Whilst working on some inherited PHP code that used
fopen I noticed an interesting comment in the PHP manual which pointed out that fopen always makes a DNS lookup for every request. Taking the following code as an example:
<?php $handle = fopen("http://muffinresearch.co.uk/robots.txt", "r"); $contents = stream_get_contents($handle); // PHP5+ ONLY echo $contents; ?>
Using wireshark for capturing and calling that script 3 times I got 3 DNS lookups because fopen doesn't make use of any DNS lookup caches:
Not only is this a problem for fopen but I also found the same problem with file_get_contents too.
The comment in the manual suggests using
gethostbyname which uses the DNS cache. You can then use this to provide the ip address in the arguments to fopen. However as soon as you're trying to fetch something which uses name-based virtual hosts this approach will fail. This is due to there being several sites on the same server all being served on the same ip address; if you contact the server by ip address it will simply serve you content from the default virtual host which is the conf which happens to be first alphabetically.
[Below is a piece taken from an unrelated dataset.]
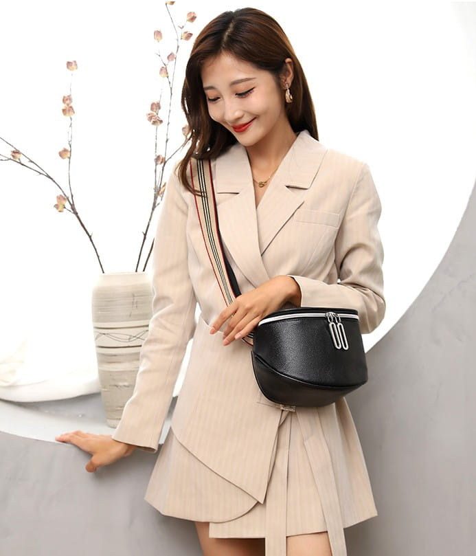 Geantă mică tip săculeț , confecționată din piele ecologică plăcută la atingere, moale, subțire.

A SolutionThe cURL library (php5-curl is the package you'll need on Ubuntu) is the preferred way of fetching content with PHP, mainly because it gives you far greater control over requests.
The other big benefit of using cURL is that it makes use of the DNS cache so we can save a DNS lookup for repetitive calls to the same hostname:
<?php $ch = curl_init(); curl_setopt($ch, CURLOPT_URL, "http://muffinresearch.co.uk/robots.txt"); curl_setopt($ch, CURLOPT_RETURNTRANSFER, 1); $output = curl_exec($ch); echo $output; curl_close($ch); ?>
Running that script three times now results in only one DNS request (I manually cleared the DNS cache with
sudo /etc/init.d/networking restart first)
ConclusionIf you're using php to fetch data from the web cURL is a much more powerful solution than relying on
file_get_contents. Not only that if you're fetching a lot of data from the same hosts frequently your scripts will run faster as a result of only making the minimum DNS requests.